Here is perhaps what might turn out to be my only tragic symphony, inspired by the Civil War letter of Sullivan Ballou to his wife Sarah. The challenge for me in this work was to turn Sullivan Ballou’s prose into poetry without destroying both the essence and substance of his letter, and I believe I have succeeded thanks to the power of music and a few minor manipulations.
We find this poetry in the last movement, sung by a male chorus with what I call the ‘Sarah’ theme.

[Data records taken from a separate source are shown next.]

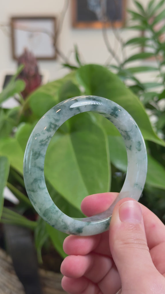 * DETAILS--- This beautiful bangle is made from premium Burmese Jadeite jade, featuring a icy smooth texture and a deep blue-green colors. Which is a bit more rare for larger sizes. Its classic half-round design highlights its natural beauty and ensures a comfortable fit. A timeless piece, perfect as a thoughtful gift for yourself or someone truly special.
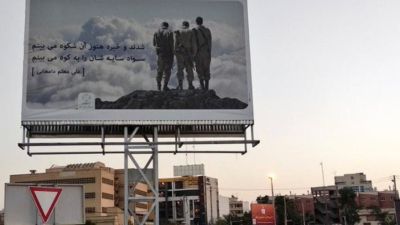 A billboard appeared in the Iranian city of Shiraz this week to commemorate the end of the war between Iran and Iraq in Sacred Defense Week. It depicted three soldiers, photographed from behind, standing on a hilltop.
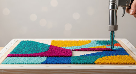 Close-up of manual tufting gun creating colorful abstract textile rug

This theme first appears in a more militant guise as the ‘B’ theme of the 3rd movement, but then is transformed in the 4th movement, appearing first in the strings, then finally with the chorus.
The warlike 1st movement begins with a funeral dirge….and so the tragedy begins.


----------



## dko22 (Jun 22, 2021)

I'm sure I would have finished with the following line "Sarah, do not mourn me dear; think I am gone, and wait for me, for we shall meet again" to finish in a more consolatory mood but I guess you wanted to remain tragic to the end and the last movement is indeed quite effective in this regard.


----------



## Roy Fuller (Apr 4, 2019)

dko22 said:


> I'm sure I would have finished with the following line "Sarah, do not mourn me dear; think I am gone, and wait for me, for we shall meet again" to finish in a more consolatory mood but I guess you wanted to remain tragic to the end and the last movement is indeed quite effective in this regard.


Yes, you are correct. Tragedy is not in my nature but I wanted to embrace it unequivocally in this symphony, knowing that good and noble men often die in war.


----------



## Billy (Sep 24, 2011)

I listened to it all with pleasure. Great job, Roy.


----------